Data segment
━━━

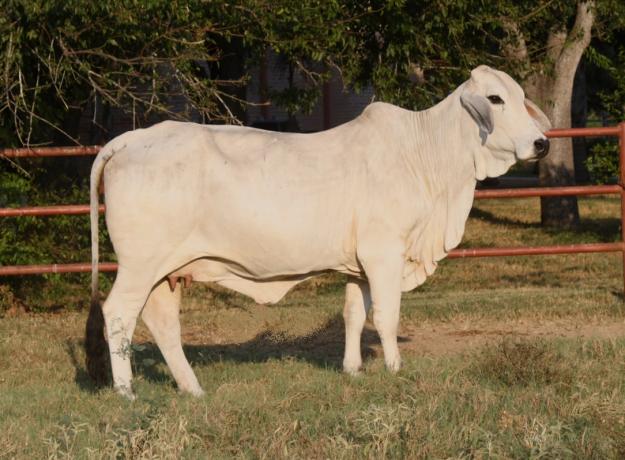 Her first bull by Pistolero sold to Lonnie Tomerlin. Her next three bulls have all been sired by LMC Ambassador - LMC Polled Integrity sold to Schneider Brahmans as a weanling (half interest) and is now co-owned with Kelly Barnard. We kept her next son LMC Polled Baron who is one our leading junior herd sires (see photo below). Her next son LMC Polled Tomcat sold to La Reina Ranch. Her next son by LMC Poll Aussie sold to the Enrique Ramos family for an average of $6,625 on 4 bull calves at weaning and now she is weaning what might be her best one yet by Ambassador that sells as Lot 12.
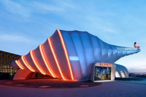 Pasona Natureverse Pavilion glows at night with its design patterned after the spiralling shell of the prehistoric ammonite marine mollusc.
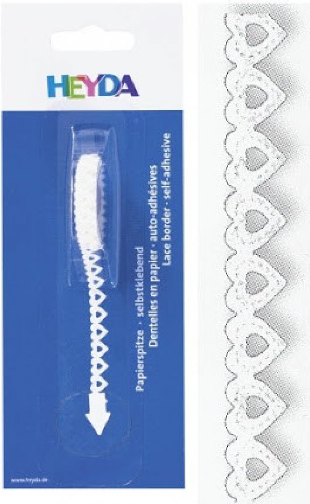 Papírová lepicí páska ve tvaru krajky značky Heyda je vhodná k různým druhům kreativních prací. Můžete ji využít ke zdobení svatebních oznámení, svatebních jmenovek, při balení dárků, zda na libovolné dekorační ozdobení různých předmětů, kterým dodáte jedinečné kouzlo.

━━━

What you need to do
Transcribe all of the material exactly, leaving out whatever pictures it contains.

Reply
 Her first bull by Pistolero sold to Lonnie Tomerlin. Her next three bulls have all been sired by LMC Ambassador - LMC Polled Integrity sold to Schneider Brahmans as a weanling (half interest) and is now co-owned with Kelly Barnard. We kept her next son LMC Polled Baron who is one our leading junior herd sires (see photo below). Her next son LMC Polled Tomcat sold to La Reina Ranch. Her next son by LMC Poll Aussie sold to the Enrique Ramos family for an average of $6,625 on 4 bull calves at weaning and now she is weaning what might be her best one yet by Ambassador that sells as Lot 12.
 Pasona Natureverse Pavilion glows at night with its design patterned after the spiralling shell of the prehistoric ammonite marine mollusc.
 Papírová lepicí páska ve tvaru krajky značky Heyda je vhodná k různým druhům kreativních prací. Můžete ji využít ke zdobení svatebních oznámení, svatebních jmenovek, při balení dárků, zda na libovolné dekorační ozdobení různých předmětů, kterým dodáte jedinečné kouzlo.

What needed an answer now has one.